RECORDS FOR PROCESSING
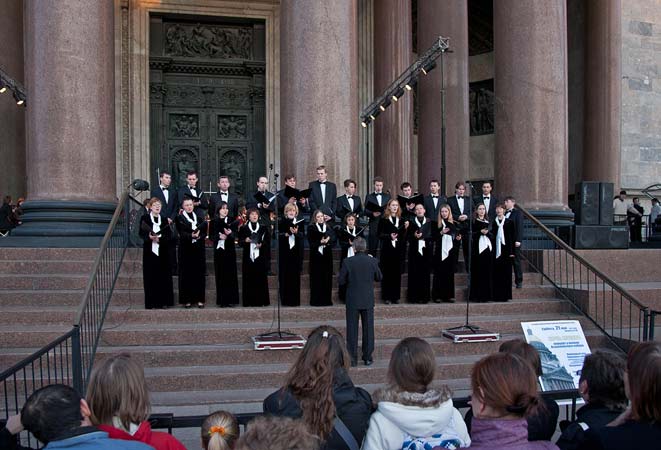 В "Ночь музеев" состоялось выступление Камерного хора Смольного собора и Государственного симфонического оркестра «Классика» у колонн Исаакиевского собора.
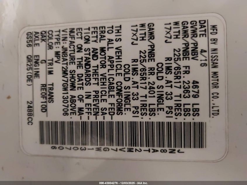 2016 NISSAN ROGUE 2016 року Бензин, 2.5, Полный привод, vin - JN8AT2MV7GW130706 из США
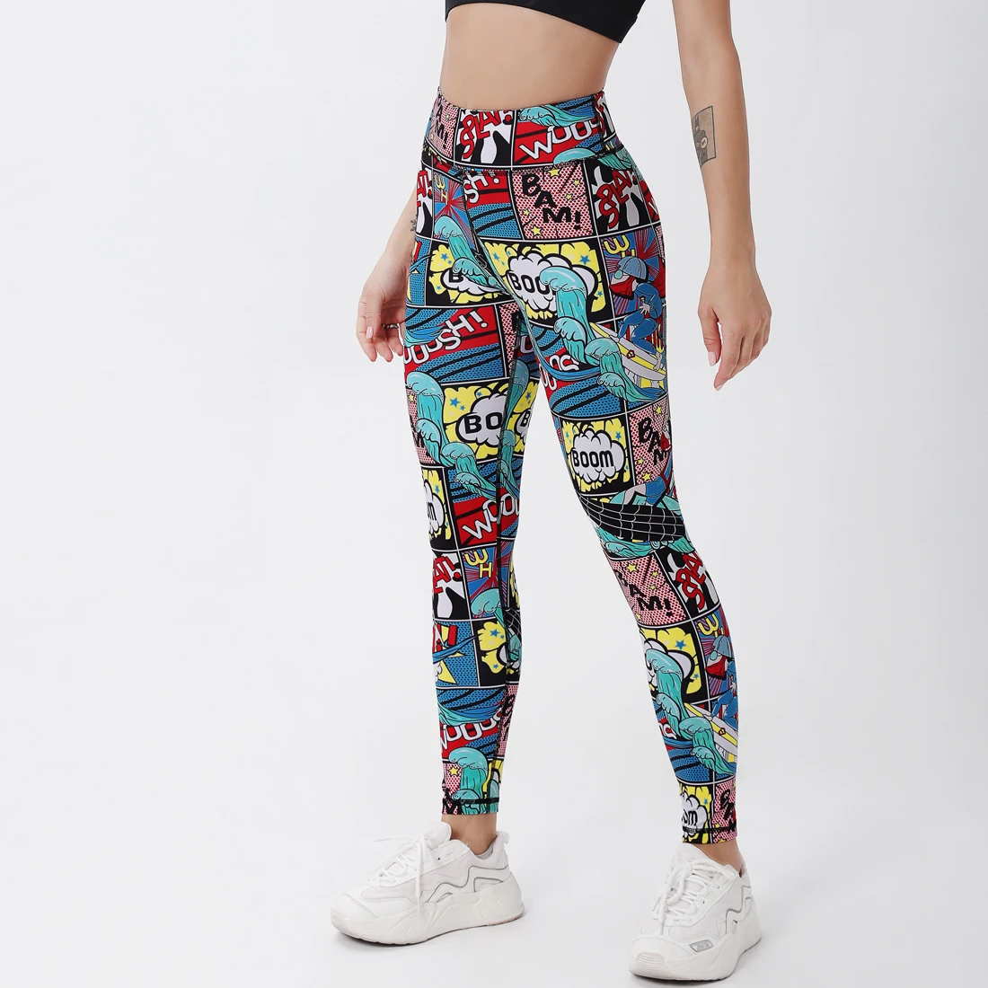 Леггинсы женские, с высокой талией, пуш-ап, с мультяшным принтом, Беговые брюки для фитнеса
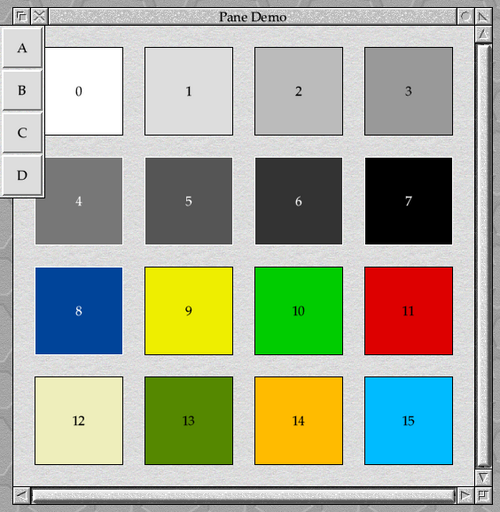 The other flag which we have set is Pane, which corresponds to the ‘window is a pane’ flag at bit 5 of the window flags. The Programmer’s Reference Manual is a little vague about what this flag does, but most developers will probably have been disappointed to discover that what it doesn’t do is cause the window follow its parent around the screen automatically! In fact it does a few important things, which we’ll discuss later in this chapter.
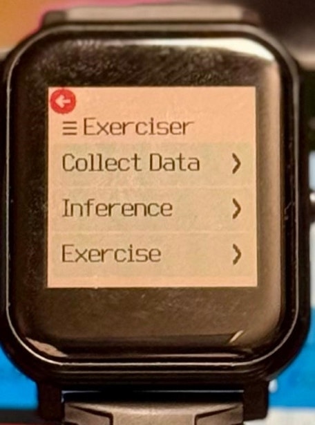 Collect Data- collect data for different activitiesInference- run inference to test the current ML-model without storing any further dataExercise- run inference and also collect what activities were performed and the length of them into a CSV-file
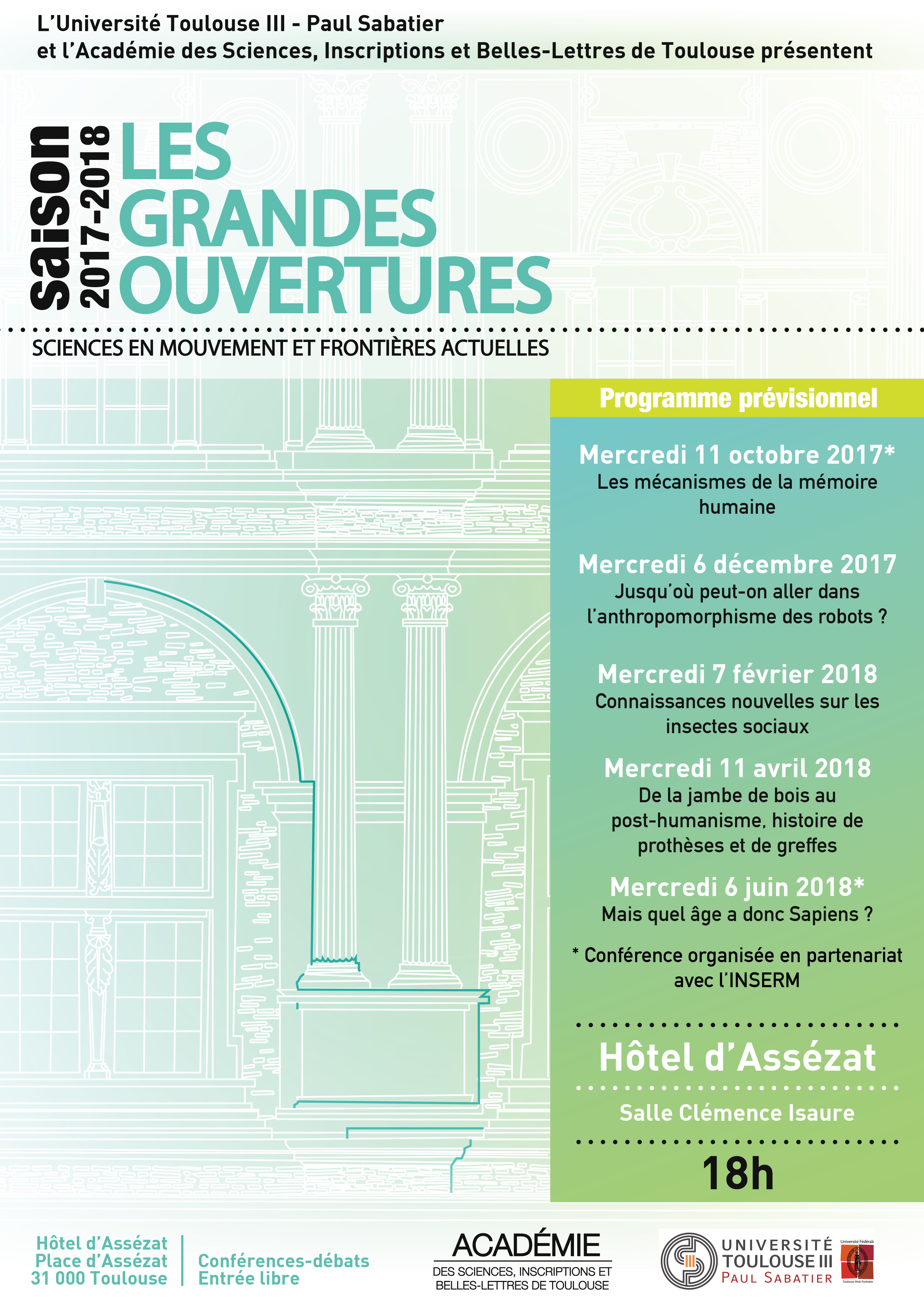 Elles sont co-organisées par la Direction de la communication, de la culture et des événements de l’université Toulouse III – Paul Sabatier et l’Académie des Sciences, des Inscriptions et Belles-Lettres de Toulouse.

YOUR TASK
Exactly as written, restate all of the data, leaving out the images.

RESULT OF THIS TASK
 В "Ночь музеев" состоялось выступление Камерного хора Смольного собора и Государственного симфонического оркестра «Классика» у колонн Исаакиевского собора.
 2016 NISSAN ROGUE 2016 року Бензин, 2.5, Полный привод, vin - JN8AT2MV7GW130706 из США
 Леггинсы женские, с высокой талией, пуш-ап, с мультяшным принтом, Беговые брюки для фитнеса
 The other flag which we have set is Pane, which corresponds to the ‘window is a pane’ flag at bit 5 of the window flags. The Programmer’s Reference Manual is a little vague about what this flag does, but most developers will probably have been disappointed to discover that what it doesn’t do is cause the window follow its parent around the screen automatically! In fact it does a few important things, which we’ll discuss later in this chapter.
 Collect Data- collect data for different activitiesInference- run inference to test the current ML-model without storing any further dataExercise- run inference and also collect what activities were performed and the length of them into a CSV-file
 Elles sont co-organisées par la Direction de la communication, de la culture et des événements de l’université Toulouse III – Paul Sabatier et l’Académie des Sciences, des Inscriptions et Belles-Lettres de Toulouse.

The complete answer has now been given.